Saved entries:

============================================================

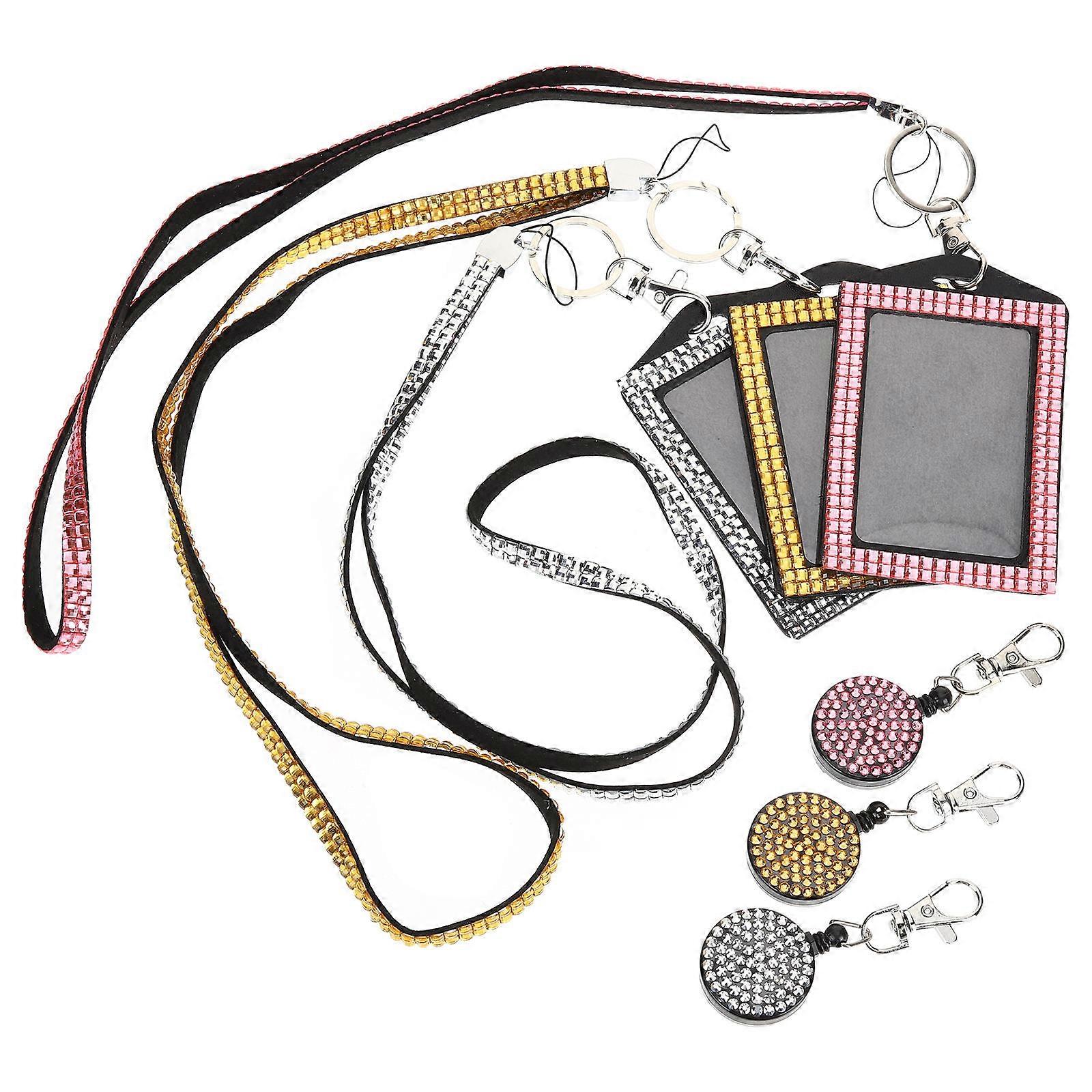Rhinestone Badge Holder Key Card Reel for Women Assorted Color Fashion Accessories 3pcs
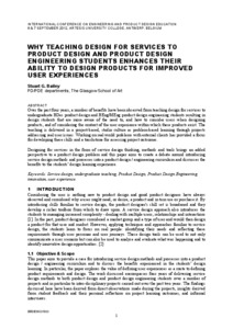 Bailey, Stuart G. (2012) Why teaching design for services to product design and product design engineering students enhances their ability to design products for improved user experiences. Design Education for Future Wellbeing. Proceedings of the 14th International Conference on Engineering and Product Design Education, Artesis University College, ANTWERP, Belgium 6th – 7th September 2012. pp. 795-800. ISSN ISBN 978-1-904670-36-0
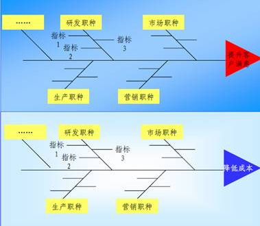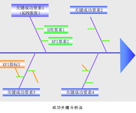 1)通過魚骨圖分析,尋找企業(yè)成功關(guān)鍵要素,即確定企業(yè)KPI維度,也就是明晰要獲得優(yōu)秀的業(yè)績所必須的條件和要實(shí)現(xiàn)的目標(biāo);
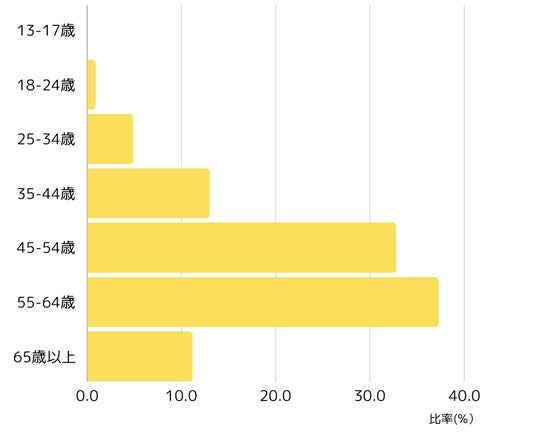 この1年の視聴者層を分析しました。下図のように、年齢層は45歳~64歳が中心となっており、全体の70.1%に達しています。また男性の比率が6割を超えています。
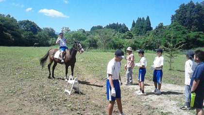 乗馬体験をしているところです。先生も挑戦させてもらいました。昨日は、庭でバドミントンや弓矢をして遊んだそうです。
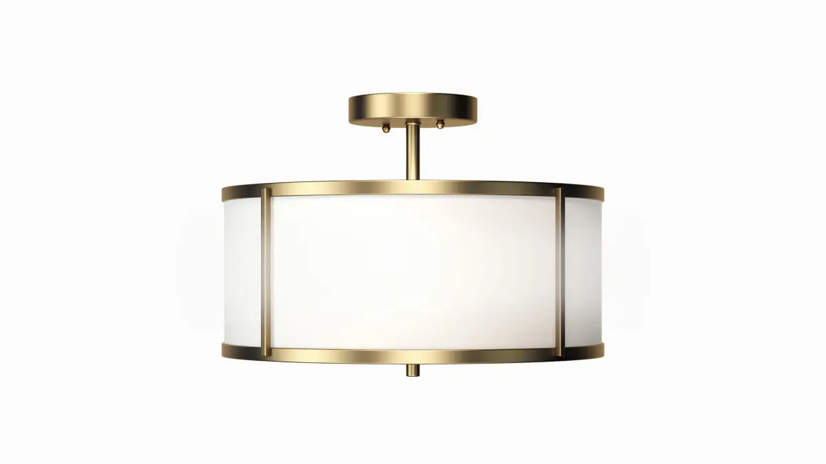 Sometimes recessed lighting looks out of place (especially in older homes) and chandeliers are too big for our short ceilings. That's where flush and semi-flush mounts shine! This drum-shaped semi-flush design features a round metal backplate and a slim downrod, which are made from metal and finished in a natural brass hue. A white fabric drum shade surrounds two bulbs of up to 60W (not included) to diffuse light throughout your space, and rounds out the look.
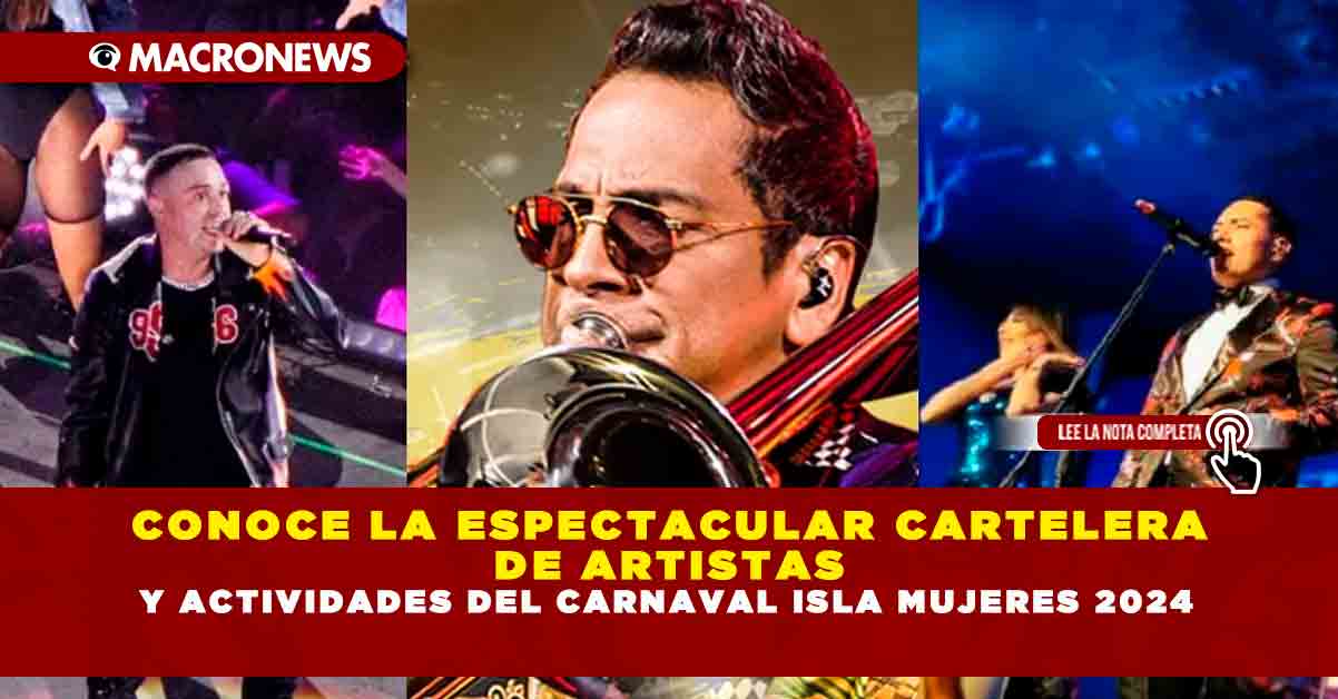 De acuerdo a la cartelera de artistas, se presentarán en el Carnaval de Isla Mujeres 2024 Vielka Valenzuela y Pee Wee como reyes del espectáculo, también estará el show cómico e imitador de Pierre David, Alex Lobos y su banda, la Sonora Dinamita y la presentación estelar del salsero Alberto Barros.
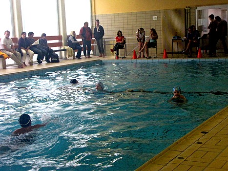 Wir bewegen uns „gegen den Strom“ war das Motto auf den verkauften Buttons, und man ließ es sich auch trotz des schlechten Wetters nicht nehmen, die Schule in ihrem Bestreben nach einer Sanierung des Bades zu unterstützen.
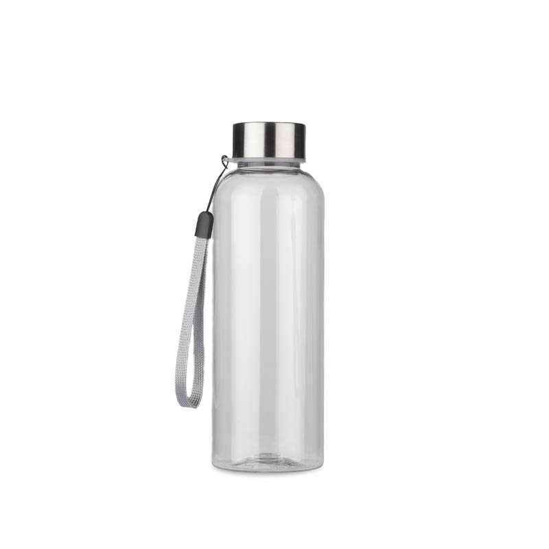 NOVINKA 2025. RPET bottle with a capacity of 830 ml. Stainless steel safety screw cap and original silicone strap for easy transport. Available in a selection of translucent colours. BPA free and presented in an attractive kraft design box. The RPET material is made from recycled plastic to encourage the reuse of plastic waste and help the sustainability of the planet.
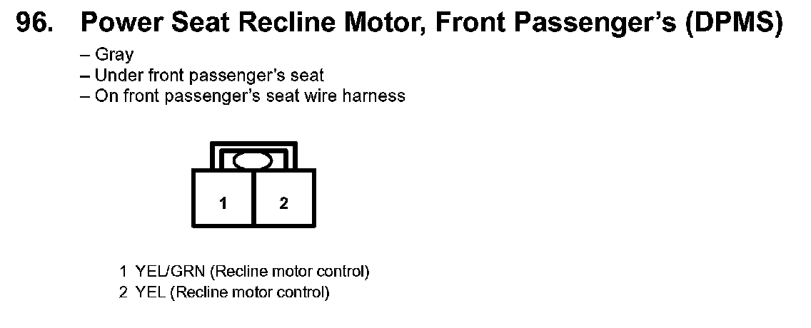96. Power Seat Recline Motor, Front Passenger's (DPMS):
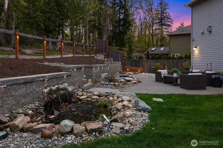 A private, fully fenced outdoor retreat features an expansive patio ideal for entertaining. Manicured, professional landscaping with triple Koi ponds and water features create a feeling of Zen with nature.
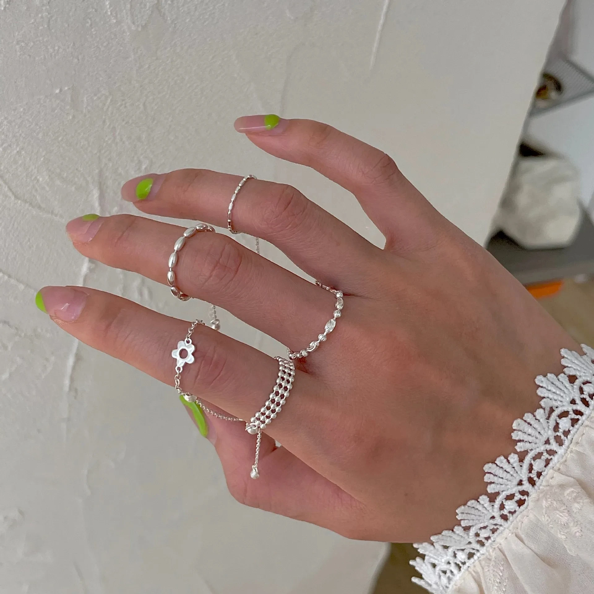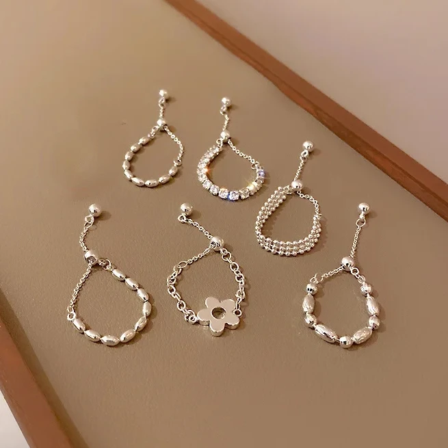 PONYKISS стерлингового серебра 925 пробы, цветочный шар, длинная цепочка с кисточками, регулируемое кольцо для женщин, кольцо на указательный палец, модные ювелирные изделия
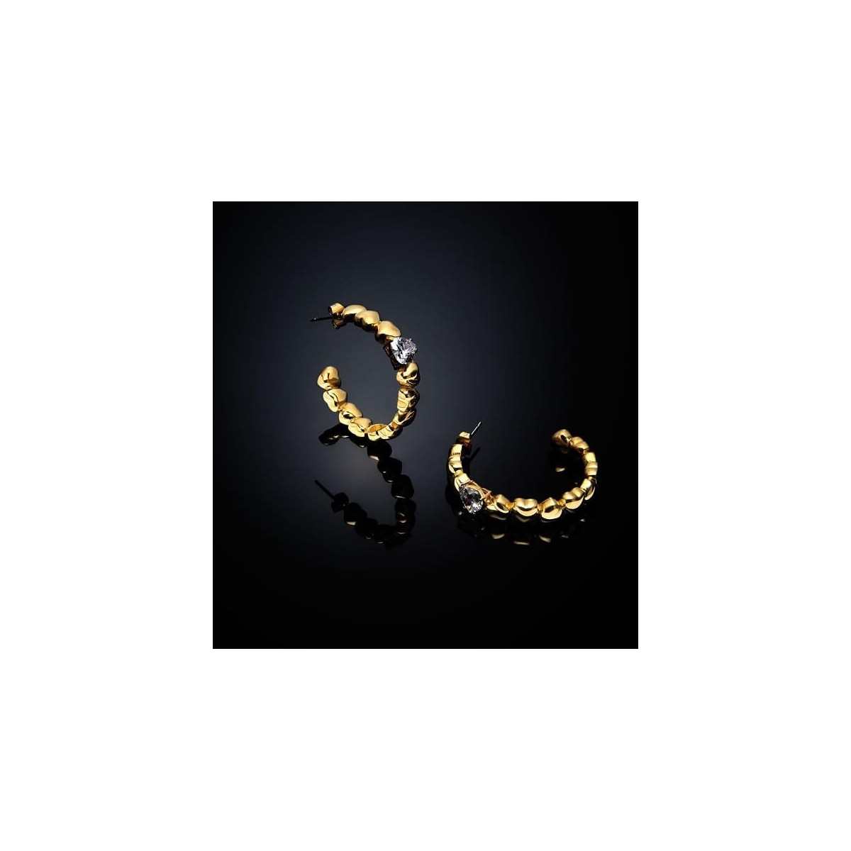 Goldene Kreisohrringe aus der Cuoricino-Kollektion aus vergoldetem Stahl und Zirkonen im Herzschliff
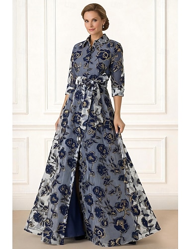 Linea ad A Lunghezza al pavimento Abito Camicia Abito da invitata a nozze Abito Formale Abito da cerimonia per signora Manica 3/4 Colletto a Camicia Elegante Semplice Formale Organza Jacquard con
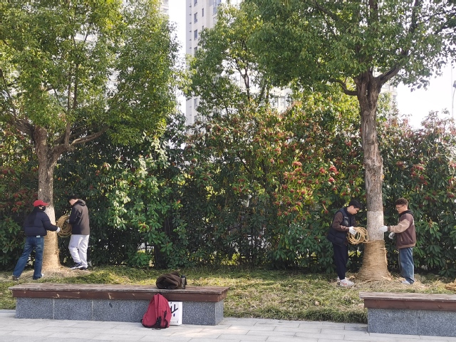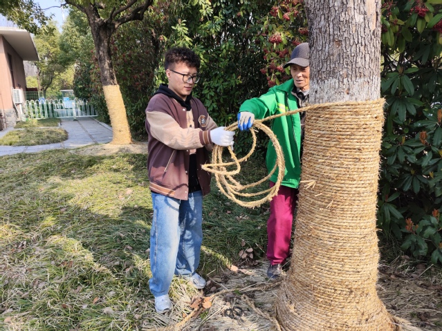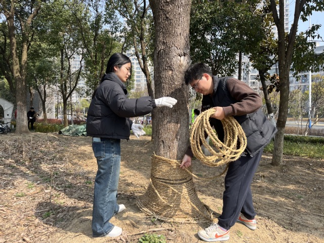 活动伊始,在公园管理处工作人员的安排下,园林工作人员对同学们进行了简单的培训,演示大树“脱衣”过程,讲解技巧与细节。学生党员们积极热情地投入劳动中,耐心解开防风麻绳,收拾整齐,以便日后回收利用。遇到粗壮的大树,学生们两两配合,经过几个小时的努力,志愿者们终于完成了所有的任务。
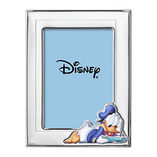 VALENTI & CO. Disney Baby - Donald - Cadre photo en argent avec détails peints en couleurs de table ou table de chevet pour la chambre de bébé parfaite comme idée cadeau baptême ou anniversaire
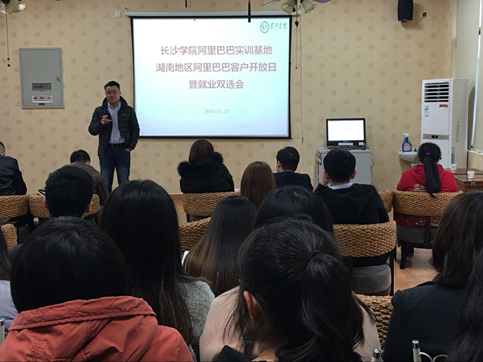2016年11月22日下午,由阿里巴巴湖南分公司、长沙跨境人才培养基地、长沙学院跨境电商工作室共同举办的长沙学院跨境电商实训基地阿里企业开放日暨就业双选会在综二楼401室进行。来自湖南老木坊贸易有限公司等10家湖南区域的阿里巴巴客户共23位企业代表参与会议。活动分为工作室介绍、平台分析、第三方交流和人才双选四个环节。
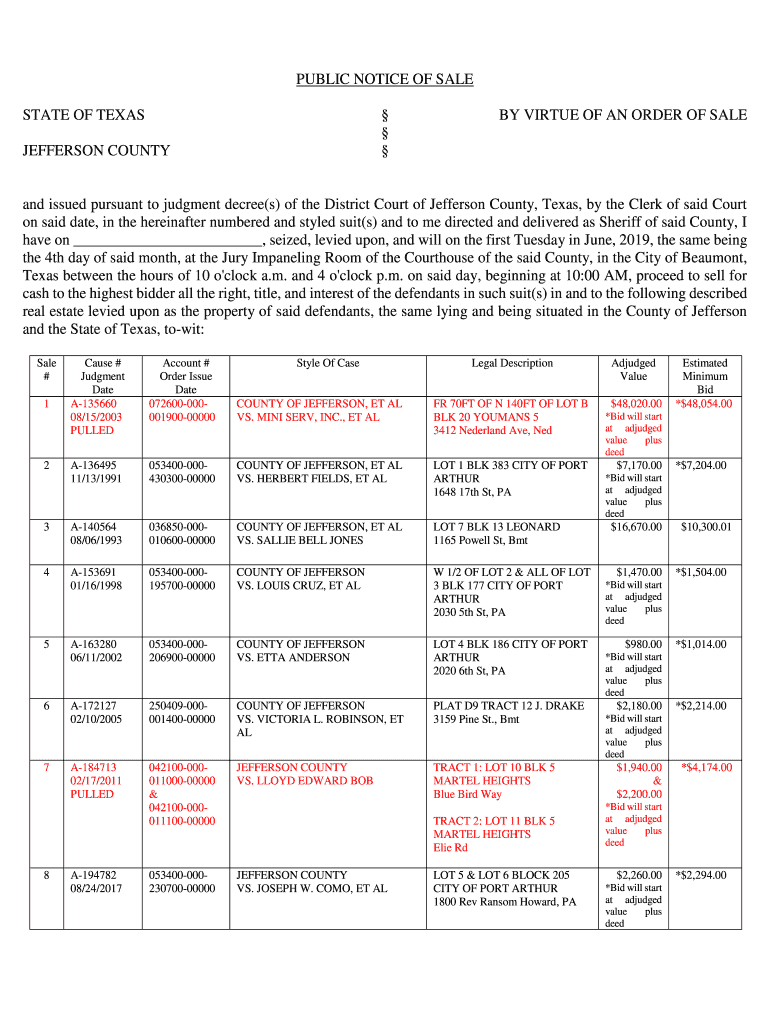 Get the free Online PUBLIC NOTICE OF SALE Fax Email Print - PDFfiller
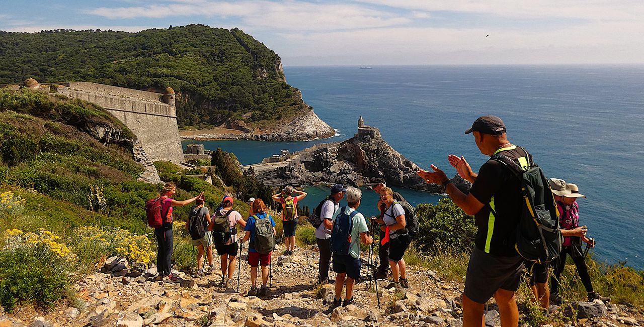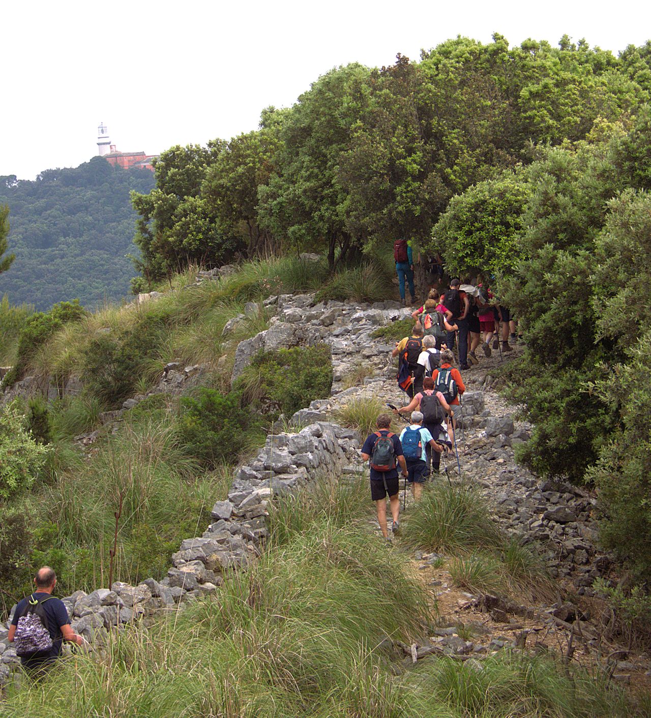Notre point de départ est en direction de La Spézia où nous prenons le bateau pour aller randonner sur l’ile de Palméria située en mer de Ligurie à l’extrémité occidentale du golfe de La Spézia. Cette ile faisait partie de la défense de La Spézia avec des anciens ouvrages militaires, dont un fort qui est toujours occupé par les militaires et un troupeau de chèvres. Celles-ci sont habituées au tourisme et emboitent le pas aux randonneurs pour bénéficier de quelques aliments et font leur show sur les tables de piquenique.

============================================================

WORK ITEM:
Leave out all pictures and output each line exactly, from the top of the records through the line that holds "乗馬体験をしているところです".

FINISHED EXERCISE:
Rhinestone Badge Holder Key Card Reel for Women Assorted Color Fashion Accessories 3pcs
 Bailey, Stuart G. (2012) Why teaching design for services to product design and product design engineering students enhances their ability to design products for improved user experiences. Design Education for Future Wellbeing. Proceedings of the 14th International Conference on Engineering and Product Design Education, Artesis University College, ANTWERP, Belgium 6th – 7th September 2012. pp. 795-800. ISSN ISBN 978-1-904670-36-0
 1)通過魚骨圖分析,尋找企業(yè)成功關(guān)鍵要素,即確定企業(yè)KPI維度,也就是明晰要獲得優(yōu)秀的業(yè)績所必須的條件和要實(shí)現(xiàn)的目標(biāo);
 この1年の視聴者層を分析しました。下図のように、年齢層は45歳~64歳が中心となっており、全体の70.1%に達しています。また男性の比率が6割を超えています。
 乗馬体験をしているところです。先生も挑戦させてもらいました。昨日は、庭でバドミントンや弓矢をして遊んだそうです。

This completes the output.